Two days later, a panel of the Court of Appeals for the Fifth Circuit reached a contrary conclusion in a similar case. Carpenters Local Union No. 1846 v. Pratt-Farnsworth, Inc., 690 F. 2d 489 (1982), cert. denied, 464 U. S. 932 (1983). The Fifth Circuit read South Prairie as being limited to the situation in which two claims are initially presented to the Board and only one of them is decided there. In the Fifth Circuit’s view, South Prairie did not preclude a federal court with jurisdiction under § 301 from determining whether a bargaining unit is appropriate, where such a determination was necessary to a resolution of the underlying breach-of-contract issue. Because neither party had petitioned the Board to determine the appropriateness of the bargaining unit in Pratt-Farnsworth, the Fifth Circuit remanded the case to the District Court for consideration of the question. The Court of Appeals found support for this disposition in decisions of this Court upholding the jurisdiction of federal courts under § 301 even in the face of the Board’s exclusive jurisdiction to consider allegations of unfair labor practices. The bargaining unit issue, the Fifth Circuit concluded, was a “collateral issue” that was essential to the determination of a breach-of-contract claim under § 301. Cf. Connell Construction Co. v. Plumbers & Steamfitters, 421 U. S. 616, 626 (1975) (federal courts may decide unfair labor practice questions that emerge as collateral issues under the antitrust laws).

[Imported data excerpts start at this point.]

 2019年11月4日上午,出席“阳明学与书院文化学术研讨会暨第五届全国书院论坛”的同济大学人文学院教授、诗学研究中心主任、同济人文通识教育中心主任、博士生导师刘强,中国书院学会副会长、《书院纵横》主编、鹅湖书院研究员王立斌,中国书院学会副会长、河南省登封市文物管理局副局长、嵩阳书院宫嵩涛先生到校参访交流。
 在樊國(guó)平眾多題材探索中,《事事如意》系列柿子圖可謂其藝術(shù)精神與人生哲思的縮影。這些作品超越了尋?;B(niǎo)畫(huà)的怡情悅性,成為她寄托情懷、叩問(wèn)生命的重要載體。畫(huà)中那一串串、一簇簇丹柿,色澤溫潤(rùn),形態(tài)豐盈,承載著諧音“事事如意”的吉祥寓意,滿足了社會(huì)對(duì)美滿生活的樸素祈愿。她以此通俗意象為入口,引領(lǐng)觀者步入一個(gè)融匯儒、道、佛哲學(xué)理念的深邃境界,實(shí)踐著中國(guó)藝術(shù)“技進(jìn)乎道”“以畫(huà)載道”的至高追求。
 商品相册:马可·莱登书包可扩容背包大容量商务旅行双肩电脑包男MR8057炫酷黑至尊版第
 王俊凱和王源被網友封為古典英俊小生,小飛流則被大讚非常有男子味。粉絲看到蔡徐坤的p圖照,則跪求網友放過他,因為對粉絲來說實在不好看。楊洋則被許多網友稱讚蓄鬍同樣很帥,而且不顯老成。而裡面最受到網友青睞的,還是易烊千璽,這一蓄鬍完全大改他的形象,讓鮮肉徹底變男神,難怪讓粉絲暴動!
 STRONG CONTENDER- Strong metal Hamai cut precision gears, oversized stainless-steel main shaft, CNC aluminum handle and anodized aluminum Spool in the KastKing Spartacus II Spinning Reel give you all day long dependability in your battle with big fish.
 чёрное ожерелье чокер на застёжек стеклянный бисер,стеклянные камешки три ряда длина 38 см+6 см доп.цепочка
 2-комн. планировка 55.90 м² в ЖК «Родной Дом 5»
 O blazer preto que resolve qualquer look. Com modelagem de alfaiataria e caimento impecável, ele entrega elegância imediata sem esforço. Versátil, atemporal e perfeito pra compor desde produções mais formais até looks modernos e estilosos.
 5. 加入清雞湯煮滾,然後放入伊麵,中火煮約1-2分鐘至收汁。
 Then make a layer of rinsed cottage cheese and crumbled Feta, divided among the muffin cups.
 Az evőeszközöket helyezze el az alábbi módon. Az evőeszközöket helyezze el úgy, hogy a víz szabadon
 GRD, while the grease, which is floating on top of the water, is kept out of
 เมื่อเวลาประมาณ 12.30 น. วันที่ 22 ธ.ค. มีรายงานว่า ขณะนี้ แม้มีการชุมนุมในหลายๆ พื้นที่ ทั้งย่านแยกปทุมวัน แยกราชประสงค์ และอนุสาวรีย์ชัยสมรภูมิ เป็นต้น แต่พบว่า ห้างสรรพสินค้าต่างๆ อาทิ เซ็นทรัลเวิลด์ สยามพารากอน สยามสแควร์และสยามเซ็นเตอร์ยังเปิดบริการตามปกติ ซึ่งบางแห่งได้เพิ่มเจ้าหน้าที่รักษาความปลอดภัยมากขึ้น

*890These two decisions are in square conflict. Although the conflict is now limited to two Circuits, these Circuits are very large Circuits indeed, and the issue will surely arise elsewhere. The Eighth Circuit, addressing the narrower question whether a federal court may determine the appropriateness of a bargaining unit under §301 after the Board has made such a determination in a prior administrative proceeding, has read South Prairie broadly, as did the Ninth Circuit in this case. Local Union 204 of International Brotherhood of Electrical Workers, Affiliated with AFL-CIO v. Iowa Electric Light and Power Co., 668 F. 2d 413 (1982). The Eighth Circuit drew the line “between those cases where the district court has jurisdiction under section 301 and those in which it does not” by “examining the major issues to be decided as to whether they can be characterized as primarily representational or primarily contractual.” Id., at 419. It characterized the determination of an appropriate bargaining unit as a representational question committed to the jurisdiction of the Board.
I would grant certiorari to resolve the conflict between the Fifth and Ninth Circuits, and to avert the wider conflict that will likely arise in the wake of these inconsistent decisions.